Of another case, Phyllis Schlafly of the Eagle Forum describes what has happened since 1972, when Title IX, an amendment of the Department of Education, was implemented by President Nixon:
Title IX of the Education Amendments of 1972 is a simple, straightforward federal law requiring that schools and colleges receiving federal funds not discriminate "on the basis of sex." The law says nothing about equal numbers of men and women, sex-integration, "proportionality," quotas, affirmative action, remedies for underrepresentation or past discrimination, or even about sports.
Reasonable people would understand this law as requiring institutions to offer equal educational opportunities to women, not as making it the federal government's business if more women than men enroll in women's studies courses, and more men than women play football.

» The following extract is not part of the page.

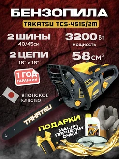 Бензопила TCS-4515 2M, пила цепная бензиновая + подарки

But now enter from stage left a feminist named Bernice Sandler who took over the Office of Civil Rights in Jimmy Carter's Department of Education.
She picked the innocuous word "proportionality" out of the dictionary (not out of the law), and turned it into a feminist code word for one of three tests by which college athletic departments would be judged as to their compliance with Title IX. She created a new definition for this word: if 56 percent of a student body is female, then 56 percent of the students playing on athletic teams must be female.
This rule is not only unfair but ridiculous because men like to play sports far more than women do. It's a fact of human nature that female college students do not seek to play on athletic teams in anywhere near the percentage that male students do. . . .
During the Clinton Administration, Title IX was aggressively used to abolish college men's sports as well as to create women's teams. In line with feminist ideological goals, the teams abolished were those where men excel, i.e., men's wrestling, men's gymnastics, men's golf, and football.
Colleges have eliminated 171 wrestling teams (40 percent of the national total) plus hundreds of other sports in which men excel, many of them trophy-winning teams. The evidence is overwhelming that Title IX has been turned into a tool to punish men.
The effect on men's sports, and specifically on wrestling teams, is not an unintended consequence. The feminists' intention is to eliminate everything that is masculine or macho, and to pretend that women are equal to men in physical prowess and desire.